EEG artifacts during visual stimuli were removed prior to analysis using a cosine window. Eye blink, and eye and head movements were inspected visually to eliminate epochs with artifacts. Segments with artifacts were excluded from further analysis.

The mu amplitude at 8–13 Hz was computed across trials for each condition using an FFT that was performed for each electrode. Resulting power magnitudes (μV2) were averaged for each time-locked block. For the statistical analysis of the action observation trials, mu suppression was calculated by the difference in power ratios between the sub-blocks (e.g., hand action observation) and baseline blocks (e.g., black screen)24, 25). These were computed separately for the ‘VS’ and ‘NVS’ conditions. A ratio was used to control for the variability in mu power as a result of individual differences as opposed to mirror neuron activity. However, ratio data are inherently non-normal, due to factors such as scalp thickness and electrode impedance, therefore a log transformation was applied prior to statistical analyses. A log ratio of less than zero indicates mu suppression. Although data were obtained from electrodes across the scalp, mu rhythm is defined as oscillations measured over the sensorimotor cortex. Activity of the sensorimotor cortex during action observation is thought to reflect downstream motor modulations1, 26), thus only data from C3 and C4 are presented24, 27).
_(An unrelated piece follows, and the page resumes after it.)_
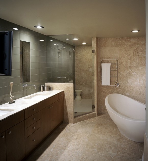 - Intégré. Si votre salle de bain a un plafond bas ou une petite surface, ne désespérez pas. Les sources lumineuses étanches intégrées aideront à donner du style et de la beauté à la pièce. Les produits possèdent le boîtier continu dans lequel sont intégrés l’attache et une pince pour lampe. Cette configuration est assez simple. C'est l'un des avantages des éclairages intégrés.Vous pouvez attacher des modèles sur n’importe quelle surface. Vous pouvez choisir à la fois des options fixes et rotatives.

A one-sample t-test to examine suppression, as indicated by a log ratio significantly less than 0 in left and right hemisphere electrodes during hand observation with objects, and an independent-samples t-test of the difference between the two observation conditions, were computed. A two-way ANOVA was conducted with block (pre/observation/post) and condition (VS/NVS) as factors. Post-hoc testing was based on estimates of marginal means using LSD.

All statistical analyses were performed using SPSS for Windows 18.0. The statistical significance level was set at p=0.05.

RESULTS

Significant mu suppression was obtained in the action observation trials, in the C3 (t(17)= −9.682, p<0.001, two tailed) and C4 areas (t(17)= −9.134, p<0.001, two tailed). There was no significant difference in the amount of mu suppression in either region during action observation blocks (C3, t(17)= −0.346, p<0.734, two tailed; C4, t(17)= −0.524, p<0.607, two tailed).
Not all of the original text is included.